Ransom, Roger L. , “Wholesale commodity price indexes in Richmond, the eastern Confederacy, New York, and San Francisco: 1861–1865.” Table Eh132-135 in Historical Statistics of the United States, Earliest Times to the Present: Millennial Edition, edited by Susan B. Carter, Scott Sigmund Gartner, Michael R. Haines, Alan L. Olmstead, Richard Sutch, and Gavin Wright. New York: Cambridge University Press, 2006. http://dx.doi.org/10.1017/ISBN-9780511132971.Eh111-193

... Unfortunately, I don't think that we can recover that information from Crossref. Can you confirm? If we can't, we can't...

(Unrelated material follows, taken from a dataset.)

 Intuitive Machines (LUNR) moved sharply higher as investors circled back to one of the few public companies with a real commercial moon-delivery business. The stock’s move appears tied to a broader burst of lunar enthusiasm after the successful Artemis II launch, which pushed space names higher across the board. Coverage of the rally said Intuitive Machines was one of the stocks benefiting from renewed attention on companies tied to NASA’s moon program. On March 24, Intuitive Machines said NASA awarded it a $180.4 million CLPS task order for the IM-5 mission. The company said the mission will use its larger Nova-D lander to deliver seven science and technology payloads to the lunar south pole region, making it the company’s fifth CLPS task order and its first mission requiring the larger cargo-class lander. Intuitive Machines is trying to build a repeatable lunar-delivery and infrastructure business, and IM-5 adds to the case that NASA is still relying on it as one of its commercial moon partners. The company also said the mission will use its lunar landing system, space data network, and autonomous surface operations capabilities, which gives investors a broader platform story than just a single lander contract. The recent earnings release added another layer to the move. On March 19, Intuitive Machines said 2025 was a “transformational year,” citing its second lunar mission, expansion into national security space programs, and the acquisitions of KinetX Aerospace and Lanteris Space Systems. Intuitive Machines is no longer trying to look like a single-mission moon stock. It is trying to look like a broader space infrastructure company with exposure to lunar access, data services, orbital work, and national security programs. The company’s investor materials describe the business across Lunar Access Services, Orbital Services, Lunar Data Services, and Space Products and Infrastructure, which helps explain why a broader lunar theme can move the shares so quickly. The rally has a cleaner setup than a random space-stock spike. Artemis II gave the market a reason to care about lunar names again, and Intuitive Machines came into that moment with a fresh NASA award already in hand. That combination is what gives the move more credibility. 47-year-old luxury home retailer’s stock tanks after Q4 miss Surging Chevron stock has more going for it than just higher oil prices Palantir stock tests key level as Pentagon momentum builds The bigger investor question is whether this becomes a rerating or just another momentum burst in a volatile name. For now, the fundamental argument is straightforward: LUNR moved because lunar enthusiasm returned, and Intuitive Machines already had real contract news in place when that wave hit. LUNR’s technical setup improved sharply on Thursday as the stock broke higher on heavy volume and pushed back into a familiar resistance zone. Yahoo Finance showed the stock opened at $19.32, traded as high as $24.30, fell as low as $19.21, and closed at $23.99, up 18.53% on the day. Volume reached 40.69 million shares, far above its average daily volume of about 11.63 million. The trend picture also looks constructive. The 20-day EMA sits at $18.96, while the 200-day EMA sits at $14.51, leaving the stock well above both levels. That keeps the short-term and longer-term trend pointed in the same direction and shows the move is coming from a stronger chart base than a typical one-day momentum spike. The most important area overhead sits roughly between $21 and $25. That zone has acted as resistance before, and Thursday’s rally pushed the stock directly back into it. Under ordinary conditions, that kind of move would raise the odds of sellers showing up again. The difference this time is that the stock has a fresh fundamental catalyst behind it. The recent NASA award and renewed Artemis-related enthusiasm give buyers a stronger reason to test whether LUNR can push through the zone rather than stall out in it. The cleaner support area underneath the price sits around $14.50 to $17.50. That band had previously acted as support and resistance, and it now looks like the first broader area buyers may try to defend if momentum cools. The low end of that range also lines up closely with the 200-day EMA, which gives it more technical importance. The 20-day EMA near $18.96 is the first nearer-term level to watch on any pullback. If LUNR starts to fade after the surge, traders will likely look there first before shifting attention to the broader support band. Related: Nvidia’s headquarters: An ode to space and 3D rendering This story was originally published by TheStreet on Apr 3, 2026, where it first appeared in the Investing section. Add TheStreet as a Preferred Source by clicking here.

book-track.xml 5:: We also don't see to have the actual extent identifier, Table Eh132-135, in the Crossref record.

book.xml 1:: URL in "resource":{"primary":{"URL":"https:\/\/academic.oup.com\/book\/8112"}}

book.xml 2:: IGNORE the created date. Reading between the lines, it is clearly the date that the Crossref metadata record was created, not the date that the resource was created. (Confirmed in "Note on dates": "from-created-date:2016-02-29,until-created-date:2016-02-29 filters works first deposited on 29th February 2016".) That is why in this file, the created date is later than the published date! If it is present, use the "content-created" date for "created" instead. (I have not removed the created date consistently from all fixtures, but please do so.)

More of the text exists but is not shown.